Por Lucas Torigoe
O último filme de Andrzej Wajda é um testemunho para quebrar o silêncio dos anos. Afterimage é do tipo de filme que vem com uma missão: representar a vida de uma pessoa, reparar uma ferida. Se isso é possível, ou se deve ser este o papel de um filme, não nos cabe aqui discutir, mas apenas salientar que provavelmente, por causa da obra, Władysław Strzemiński não será tão facilmente esquecido.
Antes de falarmos do filme em si, devemos lembrar que Afterimage se encontra com o resto do legado que Wajda nos deixou numa obra que enfrentou diretamente os totalitarismos do século XX, encarnado aqui na União Soviética. Desde seus primeiros filmes, feitos nos anos 1950, Wajda condenava as ações do regime contra os seus pares, jovens e adultos que sofreram os males da perseguição e da intolerância. Seu pai foi um dos 22 mil assassinados no massacre de Katyn, representado em seu filme homônimo de 2007. Mais à frente, o diretor dedicou outro filme à causa em Walesa: homem de esperança, em homenagem a Lech Walesa, símbolo da transição do comunismo para a democracia liberal na Polônia.

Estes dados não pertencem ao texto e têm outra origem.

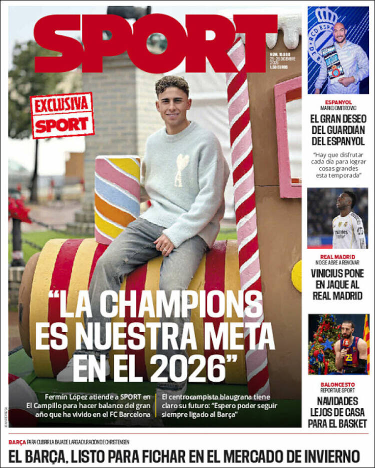 Sport, por su parte, estimula el lado más esteta del Portanálisis. El lema de la Galerna es “Madridismo y sintaxis”, implicando ello la búsqueda de la belleza en la medida de lo posible. Por este motivo, la portada de Sport nos electriza. No es el personaje, Fermín, gran jugador culé. No es lo que dice, pese a su originalidad, que la Champions es su meta para 2026. Es el jersey. La prenda en cuestión es de un color celeste, claro homenaje al Celta de Vigo, con el que el jugador mantiene una cariñosa relación, quizá merced a su gusto por las nécoras o los santiaguiños. El detalle es el As de corazones a la altura del corazón, pero en un intolerable color blanco. Un corazón blanco en un culé de la Masía es intolerable. El departamento de Compliance del Barcelona iniciará una investigación a ese respecto cuando acabe con lo de pagar dos décadas al vicepresidente de los árbitros y la utilización de mano de obra casi esclava en la obras del estadio. Hacemos votos para que no haya sanción para el jugador que, a fuer de sinceros, sentado en una especie de golosinas y con ese jersey, parece el miembro de Cantajuegos que se escindió de la formación y lanza su primer álbum en solitario.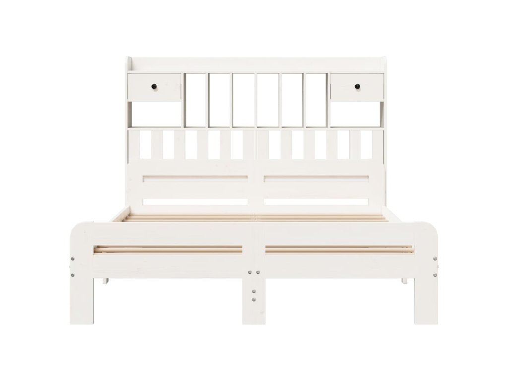Postel s knihovnou bez matrace bílá 140x190 cm masivní borovice 3308895

Dessa forma, seus filmes também podem servir como um alerta a todas as formas de opressão, o que é muito bem vindo num mundo que viu atônito a marcha de Charlotesville neste mês de agosto.
Dedicado a uma estética chamada “clássica”, de modo a formar uma narrativa tradicional e, com isso, envolvente, Afterimage busca em primeiro lugar ambientar o espectador à época e à importância de Strzemiński na Polônia do pós-guerra. Se a primeira parte do filme é um tanto didática e voltada para criar empatia para com o personagem principal, Wajda não se deixa deslizar para a heroicização do artista – um dos pontos fortes do filme. É interessante notar como as tomadas são constantemente filmadas de cima para baixo – especialmente no humilde apartamento do pintor – de modo a representar Strzemiński como um homem digno frente à suas deficiências físicas, e disposto a, mesmo assim, enfrentar o que tiver de enfrentar para preservar sua autoria artística. À certa altura, a tragédia já pode ser prevista pelo espectador que, se assistiu Eu, Daniel Blake, sabe a força da mensagem de que o Estado pode esmagar o indivíduo, quando a avista.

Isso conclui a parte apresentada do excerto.